Riverside knew what they were getting — a heroin-addicted trumpet player, who’d sold his trumpet and hadn’t really played in over six months. But it’s not like Morgan’s story was a new one for the company. Orrin Keepnews, the head of the label, knew that Morgan was like a lot of players before him. “There were those for whom the most amazing thing got to be how such a creative artist was able to maintain such an unquestionably high level of performance despite a pretty overwhelming drug problem,” he told Torgoff in an interview. He also knew that making a deal with someone who was as unpredictable as Lee Morgan in 1961 was, in some ways, contributing to his habit. “I was always having to balance emotions and practicalities, between my compassion for them as people and the hard requirements of running a business.
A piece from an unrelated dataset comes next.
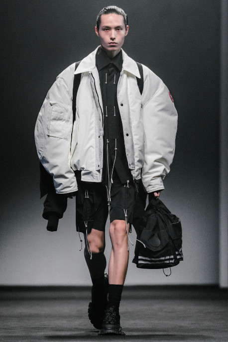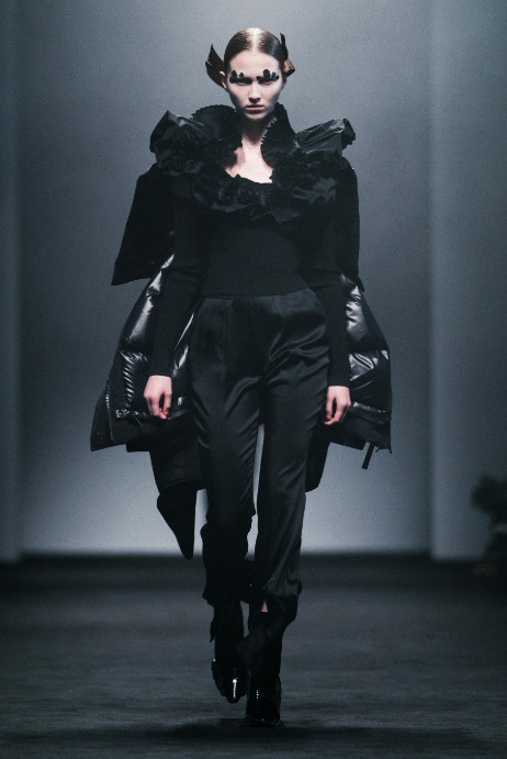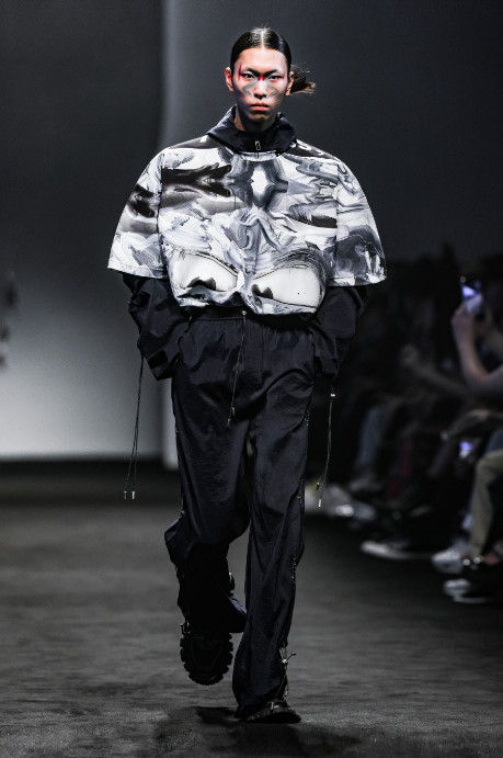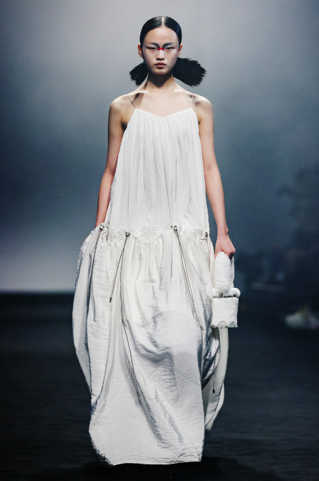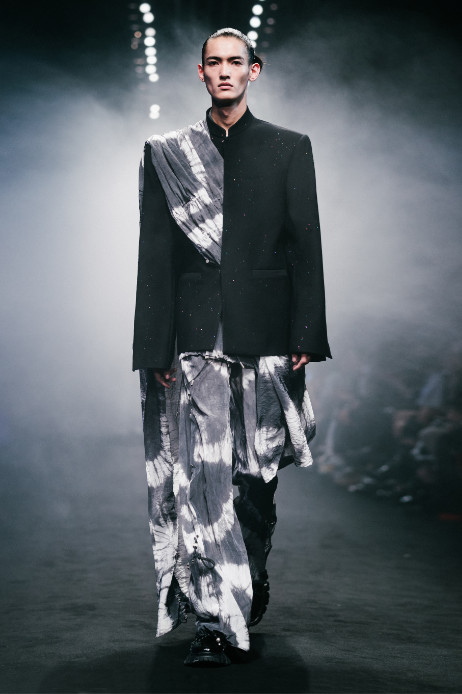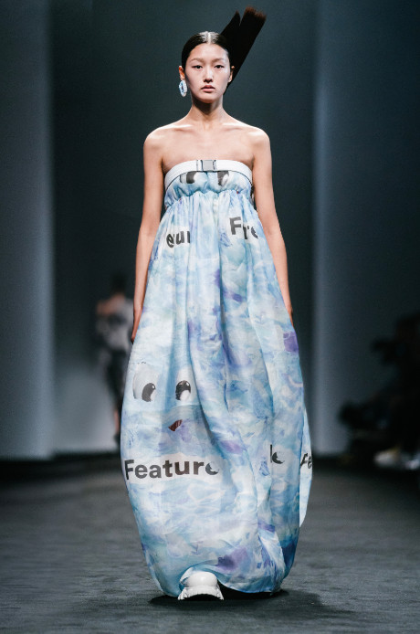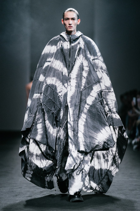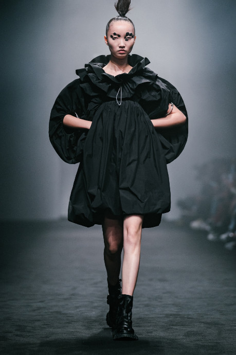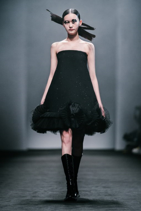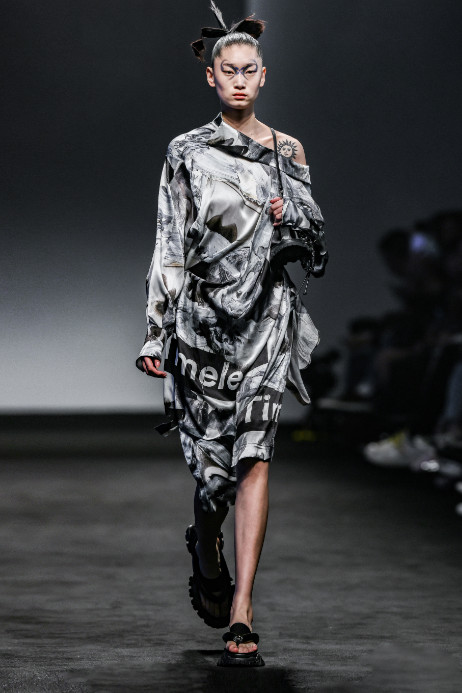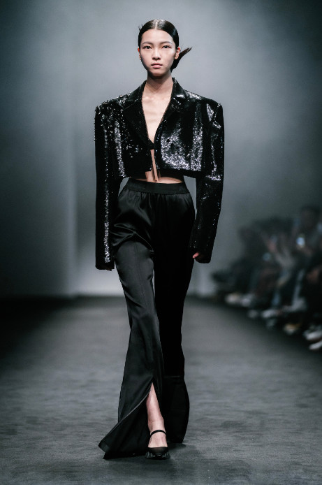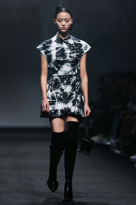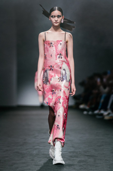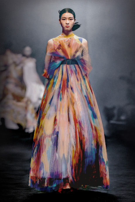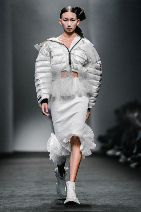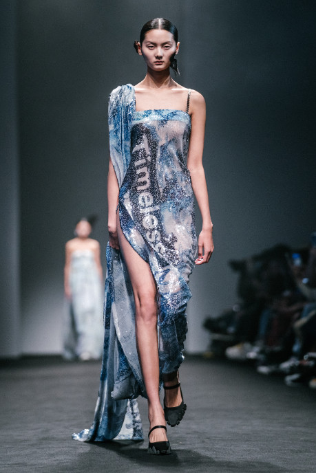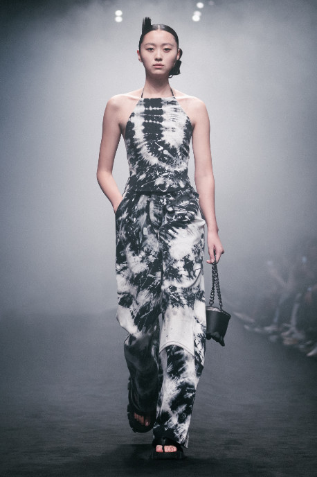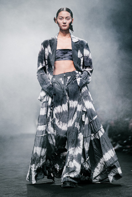 The result is an impactful collection strong in vitality and sentiment. Chen’s signature styles find stamina against Jiajia’s works in print by adding a cover of transparent sequins, and her choice of carefully sprinkled upcycled Swarovski crystals, to further spotlight colour strokes. Angel’s maturity is evidenced by the contrast between the playfulness of tie-dye in colours that mirror Wang’s art and hinting at her time in Netflix’s Next in Fashion, against a debut series of evening looks made out of black sequined separates and colour-neutral dresses smartly styled with her Canada Goose collaboration pieces.

And there was always the question of whether I was doing them any fucking favor by giving them any money for dope in the first place. [...] It became a pretty consistent part of my life.”

But Morgan knew what he was getting, too: a chance to come back to the thing he’d loved nearly his entire life. His Jazzland experience was going to be a little different though. As Richard Cook writes in his biography of Blue Note, one of Morgan’s previous labels, “[Blue Note] offered musicians paid rehearsal time, sometimes for a couple of days, to ensure that any sloppiness — particularly on any ambitious and original music — was going to be ironed out before the players got to the date.” There wasn’t going to be any such luxury at Jazzland; he was going to have to come prepared to play. Morgan, like all of the other Jazzland artists, got one day — total — to make a record. Morgan was ready. He borrowed a horn, he composed on his sister’s piano, and he assembled a band — Clifford Jordan, pianist Barry Harris, drummer Louis Hayes and Bob Cranshaw on bass. Just one day to bring himself back, one day to reclaim, to return. And he did it.

It’s easy to lose the significance of this album when looking at the Morgan’s catalog as a whole. Take Twelve came just two years before The Sidewinder, a record that would not only cement Morgan’s place in jazz history, but further propel jazz into pop music territory. But let’s not talk about what came before or after; history has already sorted that out. Let’s talk about what happened in that Jazzland studio in New York on January 24, 1962. Let’s talk about how a man without became, once more, a man with everything to give.

Take Twelve sounds like an announcement: I’m back. There’s no hesitancy, no unsure moves, no doubt. But from the first notes of the opening track, the propulsive Morgan-composed “Raggedy Ann,” it’s clear that the magic, the spark, the thing that made him so special never went away. It’s urgent, driving, never letting up. When the beat slightly relaxes about two minutes in, it’s not so much an easing, it’s the feeling that you’ve been holding your breath, exhaling at last. Is it in the knowing? Knowing all that it took to record these notes? Maybe.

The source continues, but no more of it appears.